My pile-o-Christmas. I'm not even going to mention my three trees; which I love and don't want to scale down.  I do love them. 

 

Last night I uttered words I wish I never had allowed to escape my lips.   I said I was going to the gym today.  Then today arrived and I can't keep up with life. The baby is always needing something, getting angry at his siblings, needs his nose wiped or diaper changed.  The biggins want to host all their friends in the movie room and I don't want to say no because I love their friends like family and I want them to want to hang out at my house.  So instead I get my stern face and voice in order and lay down the laws of my house.  A chorus of "yes ma'am".  I'm sure I'll miss all of this one day too soon.  I had two kids fishing in my koi pond yesterday.  They were using real rods... with real hooks which got caught in my tree when they tried to cast it.  A third kiddo was fishing for crawfish under our trampoline and had mud up to her elbows and knees.  

On a good note I awakened this morning and thought as I glanced in the mirror while brushing my teeth and my hair at the same time {multi tasking is crucial as a mother} "hey, I look rested and young!  Awesome day".  Then I went upstairs to help my daughter and she very lovingly and with a concerned voice looked at my reflection in her  mirror and said "Mommy, you look tired." Sad face.  I just woke up!   I thought I looked good!  Poor baby.  She doesnt know how those words are like salt in a wound to a mother of three in her mid-thirties. I do wear makeup for a very good reason.  To cover my tired looking face up and because Instagram filters don't work in real life.  
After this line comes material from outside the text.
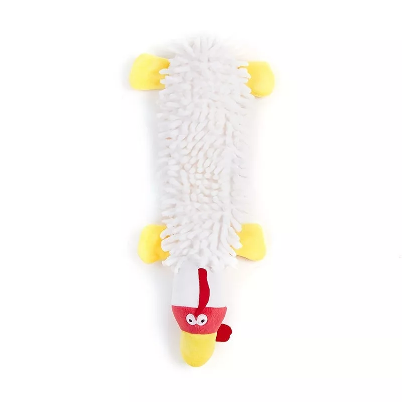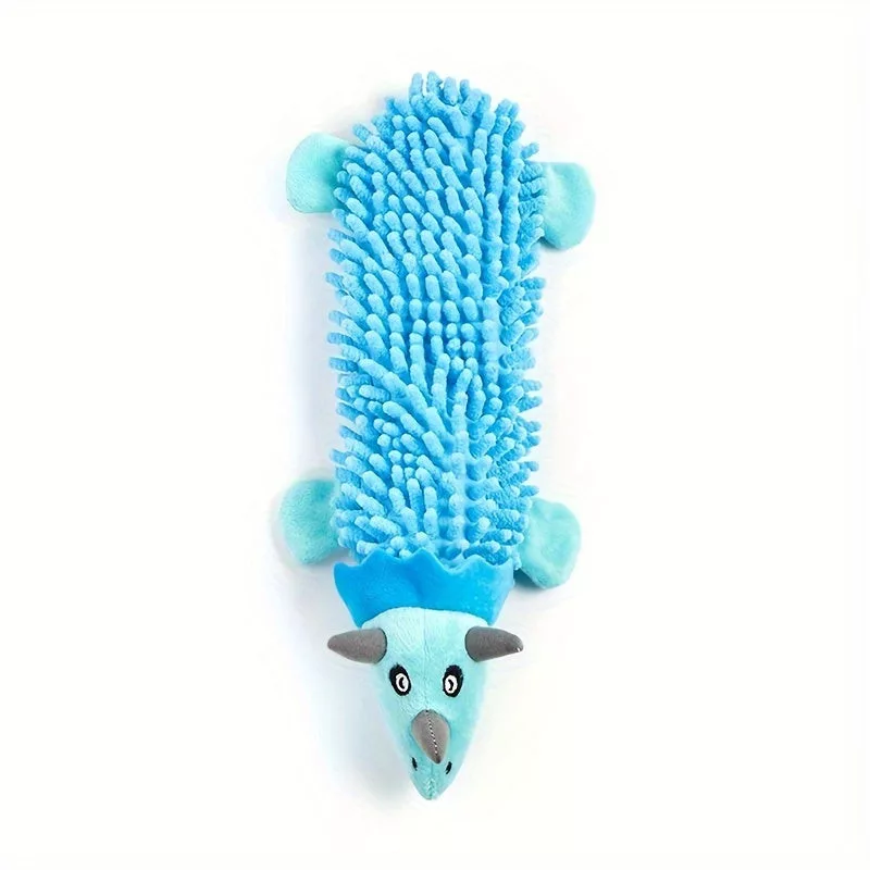 • (Material moale) Jucăria este confecționată din pluș moale, protejând dinții și gingiile câinilor în timpul jocului.

Second day of 2016 and I'm still fluffy and aging.  House is still a big dadgum mess because we left the day after Chrstmas and got home in January {sounds so much more dramatic that way}.  I can't decide if I want to drink a pot of coffee because I just like it dang it, three shots of fireball and say to heck with it all, an herbal tea cleanse to help with my fluffy places or water because I'm already behind on my water intake for the day.  Coffee counts toward my 2,000 ounces right?